MethodObjGapT TimeI Time
Concorde [3] (TSP50)5.6890.00%2m*0.05s
Gurobi [16] (TSP50)-0.00%*2m*-
Nearest insertion7.00*22.94%*0s*-
Farthest insertion [21]6.01*5.53%*2s*-
OR tools [15]5.80*1.83%*--
LKH-3 [19]-0.00%*5m*-
Joshi et al. [23] (TSP50)5.873.10%55s-
Kool et al. [26] (B=100)5.6920.04%2.3m0.09s
Our model (B=100)5.6920.04%2.3m0.09s
Our model (B=1000)5.6900.01%17.8m0.15s
Our model (B=2500)5.6890.004%44.8m0.33s
  • The Transformer-based solver improves over recent learned heuristics, achieving an optimal gap of 0.004% for TSP50 and 0.39% for TSP100 (as reported).
  • On TSP50, the model achieves an objective around 5.707 with a 0.31% gap in 13.7 seconds total (beam/decoding considered); on TSP100, objective around 7.875 with a 1.42% gap in 4.6 seconds.
  • The method uses a Transformer encoder with batch normalization and a specialized auto-regressive decoder that incorporates a start token and positional encodings for tour ordering.

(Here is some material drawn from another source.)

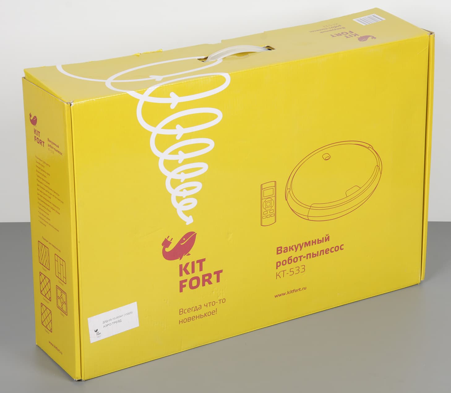 Робот-пылесос Kitfort KT-533 упакован в коробку яркого лимонного цвета, что снова подтверждает эмпирическое правило: использование одного яркого цвета для фона упаковки и обложки руководства является элементом фирменного стиля компании Kitfort. Коробка оснащена пластиковой ручкой, поэтому донести покупку до дома будет нетрудно.
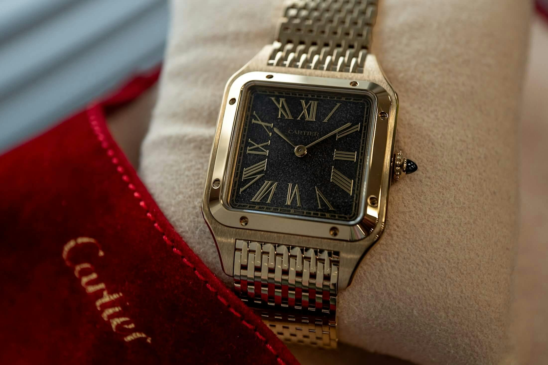Introducing カルティエ サントス デュモンにゴールドブレスレットとオブシディアン文字盤が登場

  • Beam search and sampling strategies are discussed as yielding improvements over greedy decoding in prior work and are used to enhance results.
  • Compared to Concorde and other solvers, the neural approach offers favorable inference times with competitive gaps, while traditional solvers still deliver optimal or stronger solutions in some cases.